- Born: 26 April 1912
- Died: 1 April 2009 (aged 96)
- Occupation: Painter

= Eugene Salamin (artist) =

Polish-American painter

Eugene Salamin (26 April 1912 – 1 April 2009) was a Polish-American painter.

==Early life==
Born in the Polish region of Galicia in 1912, immigrated to the United States in 1929. He worked a range of temporary jobs during the Great Depression, became committed to Communist Party activism. His serious efforts at artistic painting had already begun during this time.

Talented as a draftsman despite the fact that he had not yet enjoyed any formal training in the painter's craft, he would eventually receive informal art training from the urban scene printmaker Philip Reisman – a relationship which would continue until after the close of World War II. Reismann (1904–1992) was a Polish-born American Jewish who studied at the Art Students League of New York and later participated at the Federal Art Project.

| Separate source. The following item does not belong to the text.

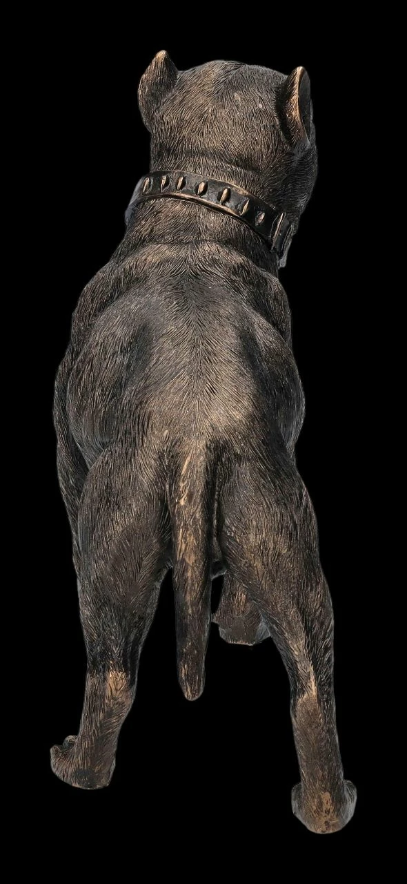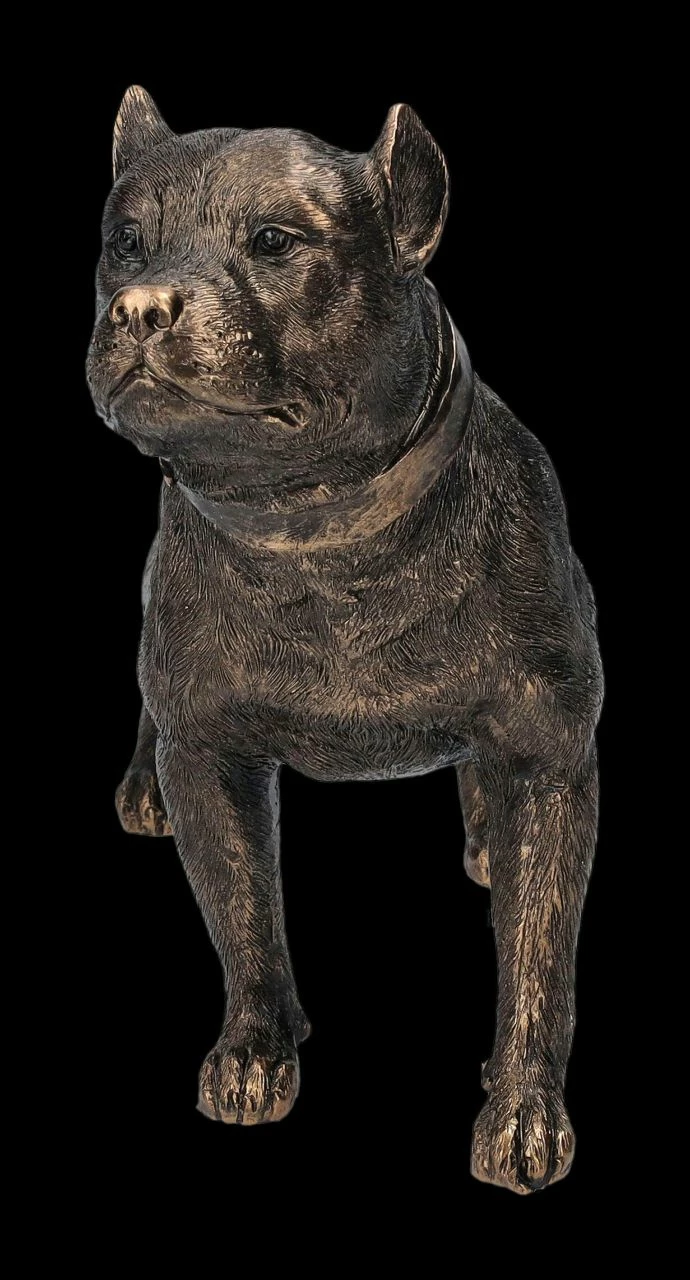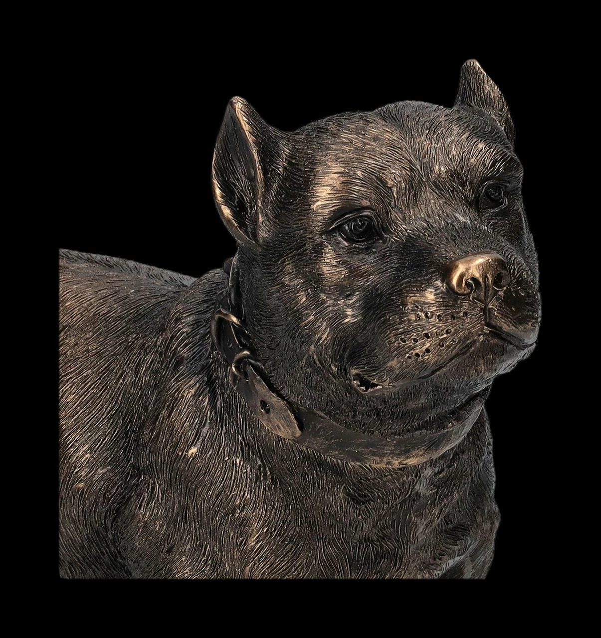 Der Pit Bull Terrier wurde aus der Kreuzung von Bulldogge und Terrier einst für Wettbewerbe gezüchtet. Im Allgemeinen gelten sie als sehr beißfreudig und angriffslustig, aber wie bei allen Hunden ist die Erziehung ausschlaggebend und so streiten sich Hundehalter, Züchter und Behörden um die Einstufung. Aber eines ist sicher, dieser fantastische, edel bronzierte Pit Bull Terrier aus Kunststein (Polyresin) ist in seiner Haltung schön anzusehen und macht einen wirklich gutmütigen Eindruck. Die 15 cm hohe, 20 cm breite und 8 cm tiefe Hunde Figur ist das perfekte Geschenk für Hundefreunde.

Salamin's artistic leanings during the Depression era also permitted some work as an artist for the Works Progress Administration. Its end during the war years meant that social realism was now officially disfavored: canvases were thrown away and even burned according to the dictates of the United States government.

Among socially minded artists, self-censorship emerged as a response to the "patriotic" requirements as a compromise during the period of World War II. A leftist who supported the war as a struggle against fascism in Europe, Salamin would return to his politically minded art following the war, only to be caught up in an unprecedented wave of anti-communism during the Second Red Scare period.

== Controversies ==
Still obscure, Salamin was faced with political persecution against himself as a communist after the passage of the anti-communist provisions of the 1947 Taft-Hartley Act and his efforts at organizing machinists in the Brooklyn Navy Yard during the 1940s invited political persecution from the American government. Salamin's work in the garment industry, immune to some of the attacks against communist activists in various other spheres of American industry, afforded a measure of protection from the country's creeping McCarthyism.

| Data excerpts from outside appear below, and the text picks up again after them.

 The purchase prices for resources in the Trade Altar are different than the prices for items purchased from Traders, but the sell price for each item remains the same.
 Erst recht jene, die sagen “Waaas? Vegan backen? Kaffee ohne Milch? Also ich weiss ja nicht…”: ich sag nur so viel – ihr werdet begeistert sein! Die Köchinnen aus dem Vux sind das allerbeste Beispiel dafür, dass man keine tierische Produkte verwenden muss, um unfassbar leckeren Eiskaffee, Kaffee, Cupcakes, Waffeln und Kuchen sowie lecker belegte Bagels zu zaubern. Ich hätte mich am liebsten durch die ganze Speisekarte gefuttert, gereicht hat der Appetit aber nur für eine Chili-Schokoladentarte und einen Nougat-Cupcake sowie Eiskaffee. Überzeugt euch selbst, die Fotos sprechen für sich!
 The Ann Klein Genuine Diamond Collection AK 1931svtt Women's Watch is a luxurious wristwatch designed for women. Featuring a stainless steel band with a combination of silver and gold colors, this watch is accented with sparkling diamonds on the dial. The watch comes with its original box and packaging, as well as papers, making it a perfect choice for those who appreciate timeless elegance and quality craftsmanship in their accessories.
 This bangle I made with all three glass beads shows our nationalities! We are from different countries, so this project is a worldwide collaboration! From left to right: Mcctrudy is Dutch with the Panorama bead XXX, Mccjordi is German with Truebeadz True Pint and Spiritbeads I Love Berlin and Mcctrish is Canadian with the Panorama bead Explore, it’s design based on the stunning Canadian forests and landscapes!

As a mode of political expression, his art conflicted with American mores of the 1950s, and he would become an "underground artist" while working a day job at a clothing store sweatshop in New York City's Brooklyn borough and the Upper West Side neighborhood, depicting the "dystopian sweatshop" works for which his career has been most recognized.

Retiring from manual work in New York in 1973, he described the "wonderful feeling" of being able to emerge as an artist working full-time.

Salamin continued working into the 2000s (decade) and donated 25 of his works to the Communist Party's reference center in the 1990s. He settled in California during his last years.

== Personal life ==
Salamin died on April 1, 2009, nearly 97 years of age.